The Mudcat Café TM
Thread #122204 Message #2677513
Posted By: Emma B
11-Jul-09 - 12:21 PM
Thread Name: BS: How many killed in Afghanistan?
Subject: RE: BS: How many killed in Afghanistan?
RORY Stewart has been a soldier, diplomat and academic and has travelled extensively in Afghanistan and Iraq. His first book, The Places in Between, a New York Times bestseller, was an account of a walk across Afghanistan in the winter of 2001/2. In 2005, he founded an NGO in Afghanistan and moved to Kabul. He is Ryan Family Professor of the Practice of Human Rights and the director of the Carr Center for Human Rights Policy at the John F Kennedy School of Government at Harvard University.
"Obama and Brown rely on a hypnotising language that can – and perhaps will – be applied as easily to Somalia or Yemen as Afghanistan. It misleads us in several respects: minimising differences between cultures, exaggerating our fears, aggrandising our ambitions, inflating a sense of moral obligations and power, and confusing our goals. All these attitudes are aspects of a single worldview and create an almost irresistible illusion.

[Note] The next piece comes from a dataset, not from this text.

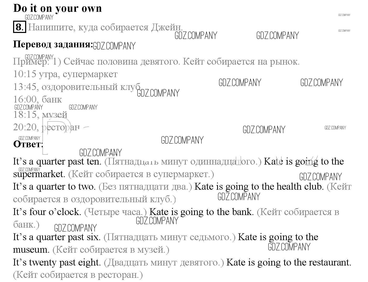 Здесь готовые ответы по Английскому языку за 5 (пятый) класс от Афанасьева, Михеева, Баранова Учебник Rainbow (издательство: Дрофа от 2017 г.) № 8

It conjures nightmares of "failed states" and "global extremism", offers the remedies of "state-building" and "counter-insurgency", and promises a final dream of "legitimate, accountable governance". It papers over the weakness of the international community: our lack of knowledge, power and legitimacy. It conceals the conflicts between our interests: between giving aid to Afghans and killing terrorists. It assumes that Afghanistan is predictable. It makes our policy seem a moral obligation, makes failure unacceptable, and alternatives inconceivable.
It does this so well that a more moderate, minimalist approach becomes almost impossible to articulate."